» Work request
As the answer, set down the lines below from the one containing "This photo showcases" through the one containing "Among tourists entering", exactly and inclusively, and no others.

» Material supplied
========================

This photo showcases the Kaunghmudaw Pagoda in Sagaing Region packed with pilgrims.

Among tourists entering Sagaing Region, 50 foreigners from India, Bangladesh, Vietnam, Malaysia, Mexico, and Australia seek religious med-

========================

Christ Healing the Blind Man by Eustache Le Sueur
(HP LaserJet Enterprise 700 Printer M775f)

========================

» Written solution
This photo showcases the Kaunghmudaw Pagoda in Sagaing Region packed with pilgrims.

Among tourists entering Sagaing Region, 50 foreigners from India, Bangladesh, Vietnam, Malaysia, Mexico, and Australia seek religious med-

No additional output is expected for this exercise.